= Al-Abud Network =

Iraqi insurgent group

The al-Abud Network is a former insurgent group who was operating within Iraq during the Iraq War. First reported in the "Comprehensive Report of the Special Advisor to the DCI on Iraq's WMD", the group is alleged to have attempted to acquire chemical weapons for use in fighting against Coalition Forces (source).

==Membership==
The al-Abud network was primarily composed of members of Jaysh Muhammad (JM), an anti-Coalition group motivated by both political and religious elements. The politically motivated faction of JM has strong ties to the Sufi region, which once was highly favored by Saddam during his rule. The Sufi region was home to many former Iraqi security forces, intelligence officers as well as police officers. It is believed through their former standing, political affiliations and business relationships, the group is able to acquire chemical precursors and weapons such as mortars through a "pre-OIF supply infrastructure." It is believed by the Iraq Survey Group that Jaysh Muhammad and Fallujah based insurgents were able to acquire chemical munitions, however those munitions were not yet located.

==Actions==
The al-Abud Network recruited, in late 2003, an Iraqi chemist in attempts to develop tabun, and mustard agents. The group was able to acquire malathion pesticide and nitrogen mustard precursors, however it is believed they were unable to acquire further precursors for the final stages. From interrogation of key suspects in the 2004 raids against the network, the Iraq Survey Group (ISG) was able to ascertain the final goal of the group was to use the chemical agents within a mortar round, possibly for firing or detonation as an improvised chemical device. In December 2003, the recruited chemist failed to produce tabun, they did however create a poisonous compound due to the mixing of malathion with other precursors of tabun. In total nine mortar rounds were "weaponized" with the created compound. The mortars themselves are stated to have been an ineffective means of dispersal, due to the likelihood of the poison being consumed in the explosion. Following the failure to create tabun, the insurgent group focused on attempting to create nitrogen mustard in February 2004.

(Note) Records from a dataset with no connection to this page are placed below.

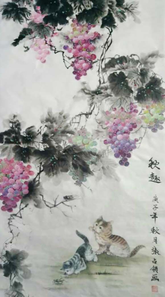 然后他的葡萄珠画法,却显得与古法有不同的视觉感受,是介入了西洋画的造型特征,对葡萄珠粒的形态塑造进行了常精确的透视表现和光影表现,珠珠如玉,紫气东来,把枝叶藤蔓的写意与葡萄珠粒的超写实姿态相互衬托,营造出虚实相接,有无相生的哲学境界。让葡萄画既有意象的美妙,又有形象的悦目,无论在艺术性和观赏性上都是此峰高于彼峰的新格局。从这个角度来讲,他让徐渭的葡萄画穿越了600年的潜行,重新显观于文化复兴背景下的新奇观,不恨今人不识我,唯恨古人不见我,借古开今,独领风骚,让前辈的葡萄作品成为此题的王者尊贵。郑板桥以竹画而闻名天下。齐白石以虾画而四海有功,张占领先生的葡萄图同样可以走进千家万户饰屏障,人人尽知铸功名。
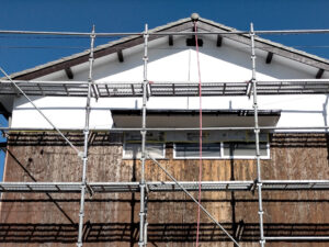 東面の焼杉板塗装では、足場の必要はありませんでしたが、西面は足場業者へ依頼しました。
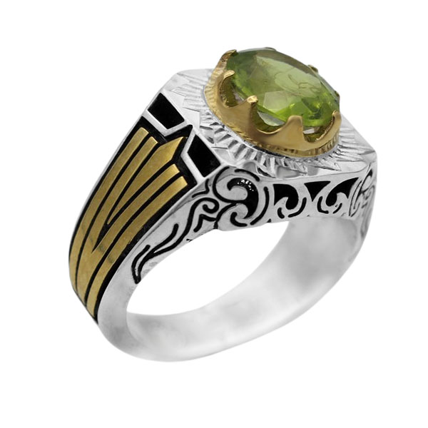 انگشتر زبرجد الماس تراش نقره مردانه طرح کیاشا
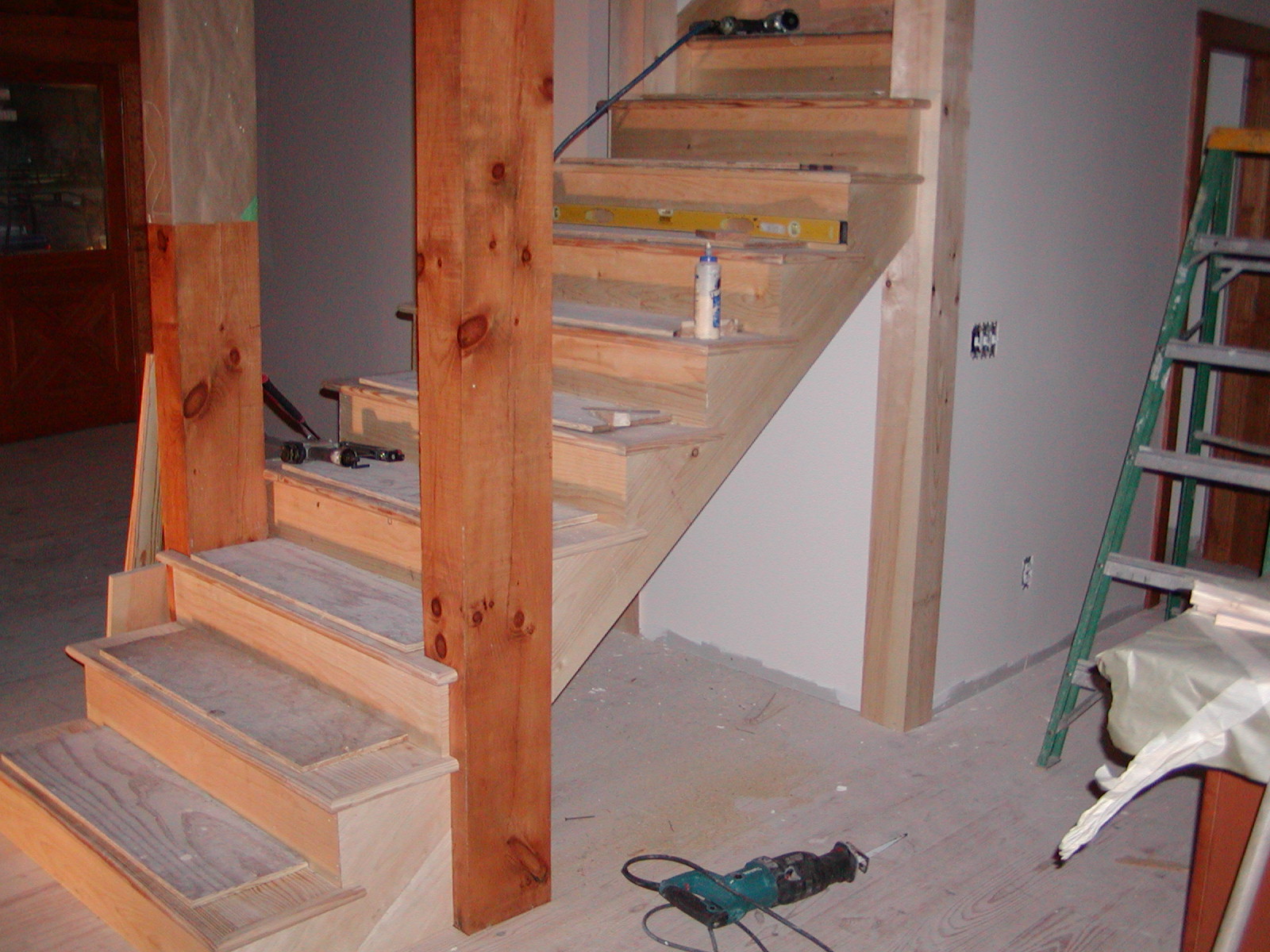 March 13, 2008 -- Risers and treads are begin installed on stairs. The plywood on each step is temporary to protect the treads. | ![]() |
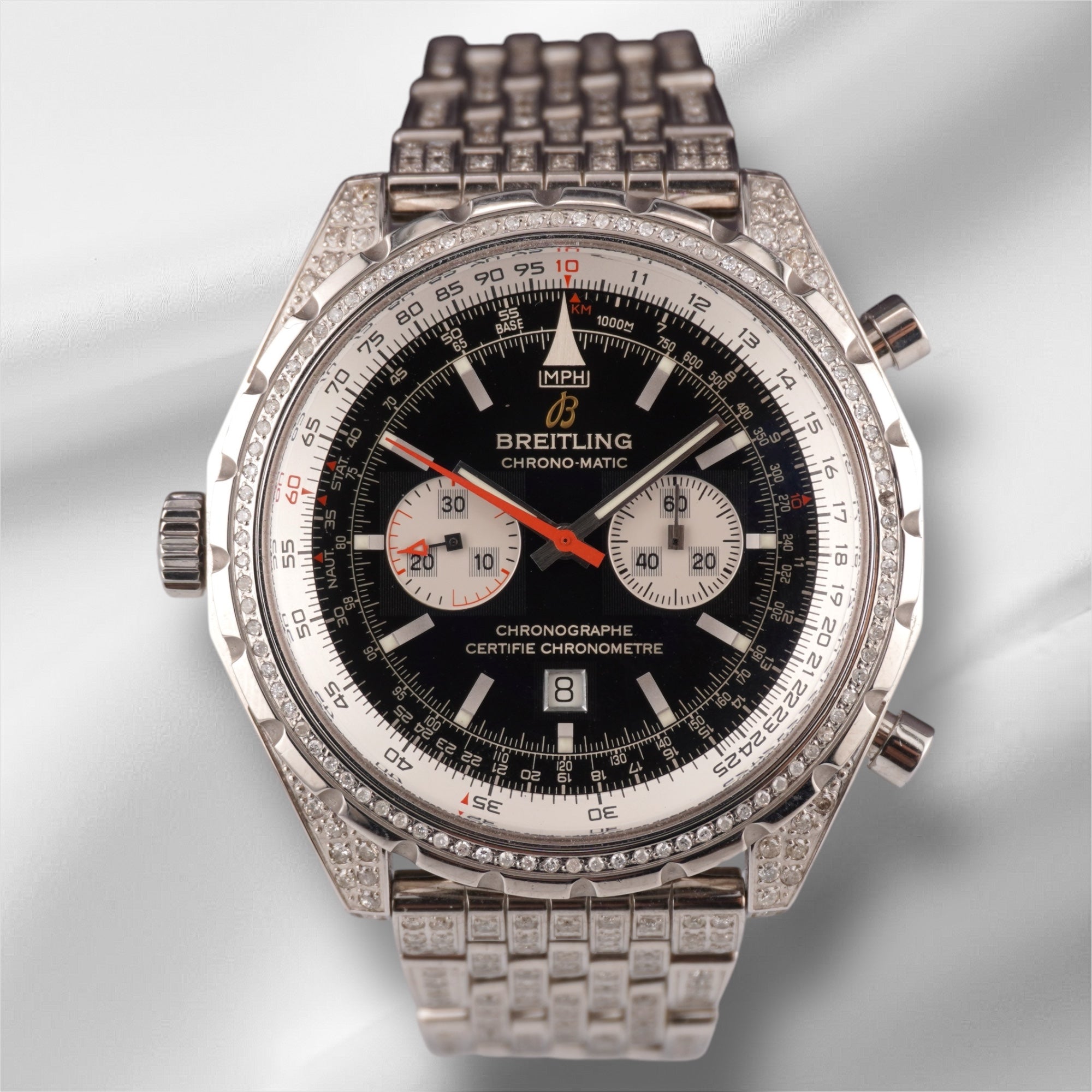 Breitling Men's Chrono-Matic 44mm 8ct Diamond Steel Black Dial Watch Ref: A41360

The al-Abud network recruited another chemist, one with more experience, who owned a small chemical lab in Baghdad. This chemist was unable however to produce the nitrogen mustard or binary mustard as the group had wanted. In mid-2004 this chemist was arrested and the contents of his lab seized. During the arrest it was noted the chemist had managed to produce small quantities of ricin, in the form of ricin cakes, a substance that can easily be turned into poisonous toxic ricin. This chemist also created napalm and sodium fluoroacetate for the Jaysh Muhammad insurgents. It is currently believed the al-Abud network has been neutralized, however the leaders of the group as well as financiers remain at large and, the chemical munitions created remain unaccounted for.